#SurvivorStories: How I Learned the Meaning of Courage

 

It was a cold morning on January 16th 2018, when I entered a Michigan courtroom. I didn’t know what to expect. There was TV cameras, photographers, and reporters that filled up every empty space lining the walls. I was so scared but so numb that I did not realize that my word would be broadcasted across the United States and the world. I was focused on one thing... justice.

I was the 11th woman to give an impact statement against Larry Nassar. We were allowed to have a family member/friend come to the podium to help give support during the impact statement. My mom was sitting with me and I wavered until the very last moment when my name was called. I motioned for my mom to stay seated. I wanted Larry to just see me, see that I survived, see that I became a strong woman, see that I was helping him never see the light of day again. The surroundings became a blur as I focused on the words I was saying to a man that abused me for four years. As frightening as it sounds now, it felt like it was just he and I in the room, but he was shackled and could no longer hurt me.

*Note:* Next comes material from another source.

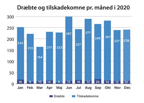 De foreløbige ulykkestal fra Vejdirektoratet viser, at 155 personer mistede livet i trafikken i år. Dermed ser 2020 ud til at blive året med færrest trafikdræbte siden før 1930. Det hænger i høj grad sammen med nedgangen i trafikken på vejene på grund af Corona-restriktionerne.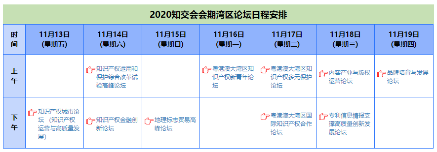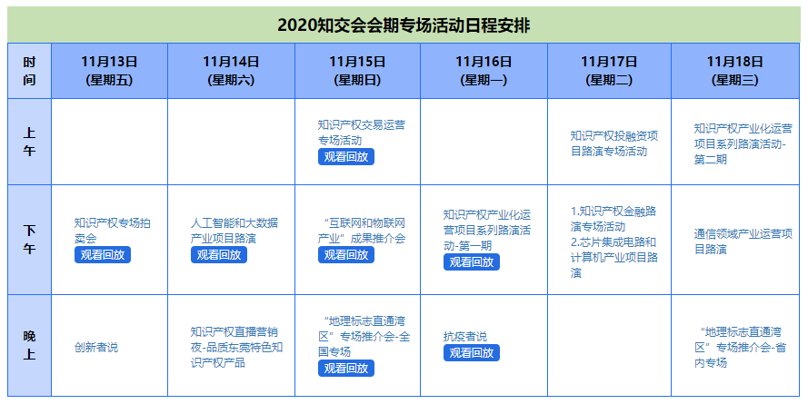 知交会期间将举行知识产权交易博览、知识产权湾区论坛及多项知识产权专场活动。在知交会网站首页“湾区论坛”和“在线专场”可查看议程及查看回放。

After I was done speaking, the amazing judge Aquilina called for a recess. I received hugs from my mom and other survivors, who would soon become my sister survivors, a lifeline that I still count on to this day. My mom and I left the courtroom and headed to a designated room just for survivors and support people. Andrea Munford, the lead investigator on the case, was in the stairwell and she said to me that after I spoke she wanted to stand up and yell ‘boom, mic drop.’ I laughed, and at that point started to realize that my words might have impacted others.

The preceding days and weeks I received messages and emails from complete strangers, friends, and others who I had fallen out of touch with years ago. They called me courageous, an inspiration and a hero, but I never felt like any of those things.  The sister survivors were then honored with the Foundation for Global Sports Development’s Global Sports Humanitarian award, the ESPN Arthur Ashe Courage Award, and the Glamour magazine Women of the Year Award.

It is still difficult for me to say my actions on January 16th were courageous, but that’s what courage is: Strength in the face of pain.